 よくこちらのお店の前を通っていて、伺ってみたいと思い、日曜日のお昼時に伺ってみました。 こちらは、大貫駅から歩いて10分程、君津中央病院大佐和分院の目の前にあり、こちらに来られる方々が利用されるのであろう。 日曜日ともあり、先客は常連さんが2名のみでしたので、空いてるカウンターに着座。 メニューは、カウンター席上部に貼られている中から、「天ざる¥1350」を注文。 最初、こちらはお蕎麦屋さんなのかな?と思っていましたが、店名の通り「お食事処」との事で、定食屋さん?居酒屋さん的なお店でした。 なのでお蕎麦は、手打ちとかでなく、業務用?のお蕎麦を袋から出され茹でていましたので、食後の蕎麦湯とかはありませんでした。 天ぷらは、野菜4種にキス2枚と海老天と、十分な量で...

---

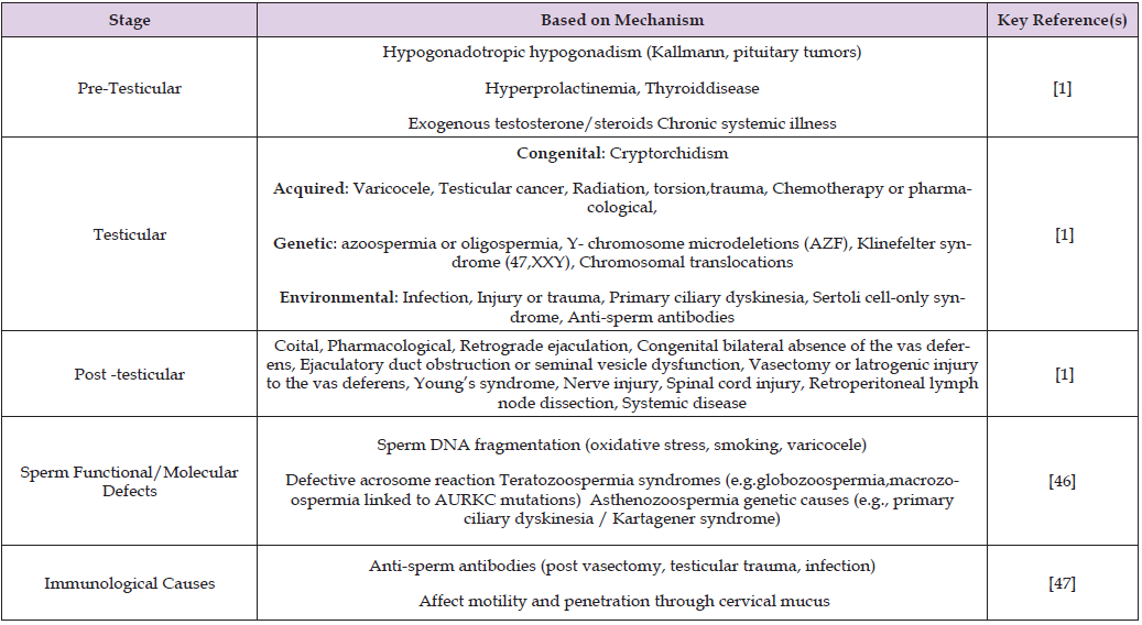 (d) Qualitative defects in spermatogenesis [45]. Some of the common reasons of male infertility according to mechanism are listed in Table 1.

--

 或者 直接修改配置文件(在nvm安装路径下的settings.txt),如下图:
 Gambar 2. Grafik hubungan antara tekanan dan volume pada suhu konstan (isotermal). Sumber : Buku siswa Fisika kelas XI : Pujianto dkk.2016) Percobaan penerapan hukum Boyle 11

◆ Exercise prompt: With the first line being the one containing "或者 直接修改配置文件(在n" and the last line the one containing "Gambar 2. Grafik", transcribe exactly the lines above that fall in that range.

◆ Task output:
 或者 直接修改配置文件(在nvm安装路径下的settings.txt),如下图:
 Gambar 2. Grafik hubungan antara tekanan dan volume pada suhu konstan (isotermal). Sumber : Buku siswa Fisika kelas XI : Pujianto dkk.2016) Percobaan penerapan hukum Boyle 11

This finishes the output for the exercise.